The plan includes the latest installment in the mayor's 10-year plan to reduce property taxes by 22 percent. Officials said the city's stabilizing financial picture also allows $26 million in new capital investments, including $5 million in technology to allow police officers to file reports from crime scenes and their supervisors to better manage overtime costs.


"The budget ... means savings to the average homeowner on their tax bill, and we're not done," Rawlings-Blake said in an interview.

The spending plan, for the fiscal year that begins July 1, includes an added $2 million to encourage home ownership, $4 million more for street repairs and $3 million more for recreation and parks, including a skate park in Hampden and upgrades to the Herring Run Park trail, officials said.

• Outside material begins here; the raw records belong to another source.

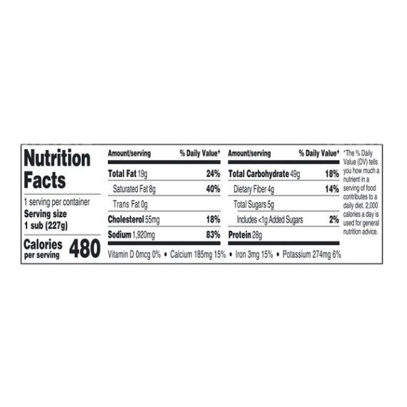 Details Ingredients ROLL (BLEACHED ENRICHED BROMATED FLOUR [BLEACHED WHEAT FLOUR, MALTED BARLEY FLOUR, NIACIN, REDUCED IRON, POTASSIUM BROMATE, THIAMINE MONONITRATE, RIBOFLAVIN, FOLIC ACID], WATER, VEGETABLE OIL BLEND [CANOLA OIL AND EXTRA VIRGIN OLIVE OIL], DOUGH IMPROVER BLEND [WATER, MONO- AND DIGLYCERIDES, DATEM, GUAR GUM, SORBIC ACID {PRESERVATIVE}, NATURAL FLAVORING, WHEAT FLOUR, ENZYMES], DOUGH IMPROVER BLEND [GUM ARABIC, WHEAT FLOUR, MONO- AND DIGLYCERIDES, SALT, CONTAINS 2% OR LESS OF THE FOLLOWING: SOYBEAN OIL, CELLULOSE GUM, GUAR GUM, ENZYMES], SALT, DEXTROSE, YEAST, DOUGH IMPROVER BLEND [WHEAT FLOUR, MONO- AND DIGLYCERIDES, DATEM, SOY FLOUR, CONTAINS 2% OR LESS OF THE FOLLOWING: SOYBEAN OIL, ASCORBIC ACID {PRESERVATIVE}, ENZYMES, L-CYSTEINE], ENRICHED WHEAT FLOUR [WHEAT FLOUR, NIACIN, REDUCED IRON, THIAMINE MONONITRATE, RIBOFLAVIN, FOLIC ACID], ENZYMES), COOKED CHICKEN BREAST WITH RIB MEAT (CHICKEN BREAST WITH RIB MEAT, WATER, CONTAINS 2% OR LESS OF SEASONING [SALT, SUGAR, NATURAL FLAVORING], ISOLATED SOY PROTEIN, SODIUM PHOSPHATES, SALT, DEXTROSE), PASTEURIZED PREPARED CHEESE PRODUCT (NONFAT MILK, AMERICAN CHEESE [MILK, CHEESE CULTURES, SALT, ENZYMES], WHEY, PALM OIL, CASEIN, FOOD STARCH-MODIFIED, NATURAL FLAVOR, MALTODEXTRIN, SODIUM CITRATE, SALT, LACTIC ACID, SORBIC ACID [PRESERVATIVE], SOY LECITHIN), SAUCE (DISTILLED VINEGAR, AGED CAYENNE RED PEPPERS, SALT, WATER, FOOD STARCH-MODIFIED, CANOLA OIL, PAPRIKA, CARROT FIBER, XANTHAN GUM, NATURAL BUTTER TYPE FLAVOR, GARLIC POWDER). Show more Product features Bite into a mouthful of flavor with this Marketside Buffalo-Style White Meat Chicken Sub, packed with all your favorite fillings including white meat chicken, cheese, and a tangy buffalo sauce on a soft artisan roll. This delicious Buffalo-style chicken sub is perfect for a quick and easy meal at home, at work or the office, or on the go. Add a side of crispy potato chips and a hot cup of your favorite soup for a hearty meal. Ready to eat in as little as a minute and a half, this sandwich has 28 grams of protein per serving to satisfy your hunger. Treat yourself to a delicious Marketside Buffalo-Style White Meat Chicken Sub. Fresh ideas and quality ingredients, that's how Marketside brings the best foods to your table. We are committed to deliver freshness that you can taste and see. Marketside offers the best in fresh food, guaranteed by Walmart, working in partnership with farmers, bakers and chefs for the highest quality, authentic ingredients and favorite recipes. Marketside Buffalo-Style White Meat Chicken Sub, 8 oz: Heat and eat Ready in 1.5-2 minutes Quick and easy grab-and-go meal Pair with your favorite chips, veggies, or soup 28 grams of protein per serving Net Quantity of Content 1 X 227 g
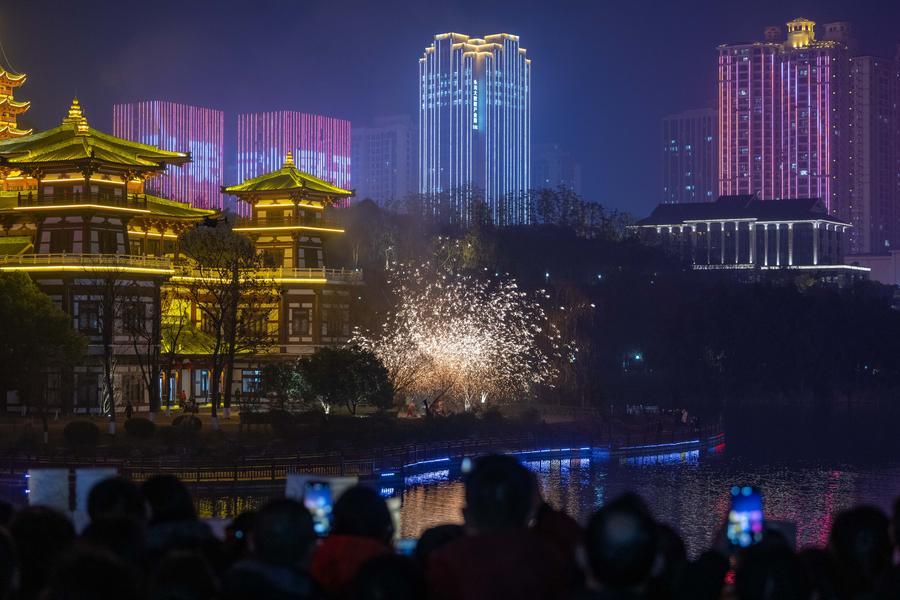 5日、春節用品文化フェアの開幕式でパフォーマンスを鑑賞する来場者。(重慶=新華社記者/陳誠)
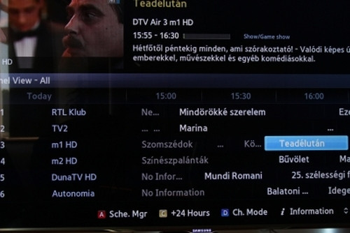 Egy képernyőn láthatóak a csatornák, a műsorok, a sarokban fut a tévéadás képe, felül pedig rövid leírás olvasható a kiválasztott műsorról. Beállítható, hogy a készülék automatikusan odakapcsoljon egy kijelölt programra, tehát az időzítés is működik. Egy külön felületen meg lehet nézni, hogy miket választott ki az ember korábban, és ezek közül természetesen kedvére törölhet is. A távirányítón található info gomb segítségével egyébként részletes információk is kérhetőek egy adott műsorról, annak kezdési időpontjáról, hosszáról, illetve tartalmáról is, ez nem is szokatlan. Egyedül az hiányzik, hogy stílus szerint is ki lehessen listázni a programokat.
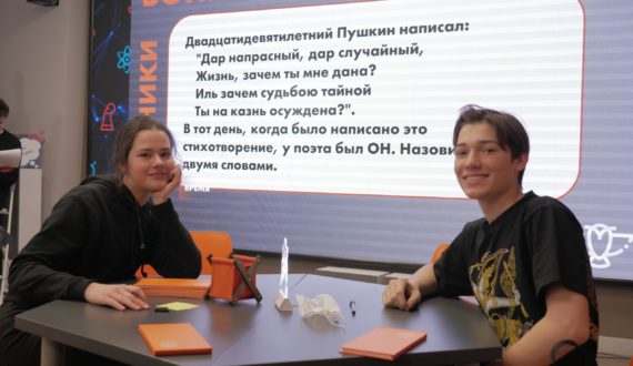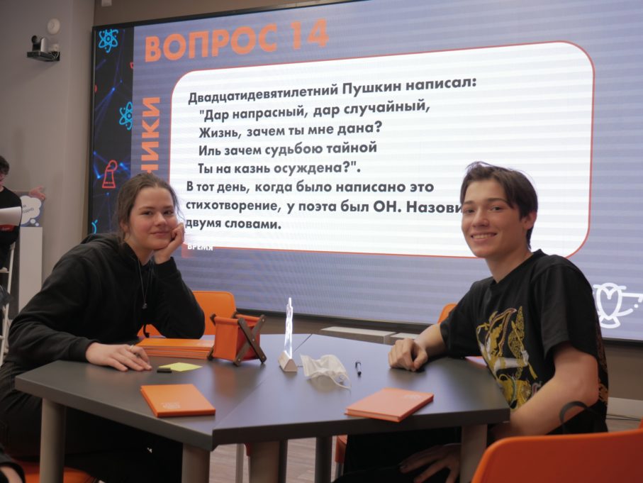 Начался ИЦАЭ OPEN с интеллектуального турнира по-спортивному «Что? Где? Когда?» среди учащихся 8-х классов. По условиям состязаний участники письменно ответили на 15 вопросов по 3 темам: отдых, праздники и еда. Школьники узнали, что кокосовые орехи во время тропической бури сравниваются с пушечными ядрами, а также что у многих скоморохов в древности была погремушка из бычьего пузыря, в котором находился горох. Отсюда пошло выражение «шут гороховый».

The budget will go to the City Council, which can make changes before approving it. The proposal drew positive reaction Tuesday from some council members, including Helen Holton, who heads the budget committee. Still, Holton said she is anxious to dig into the details of the plan.

"Thank God there are no more cuts to services — I think we're at the bone," Holton said. "That's refreshing and surprising, given the budget director's continuing mantra of doom and gloom."

Council President Bernard C. "Jack" Young said he is pleased with the mayor's budget priorities, including the cuts to the city's property taxes — which are the highest in the region. But he said he wants to scrutinize the elimination of 23 positions and the proposed reduction in accrued leave for which employees can be paid when they retire.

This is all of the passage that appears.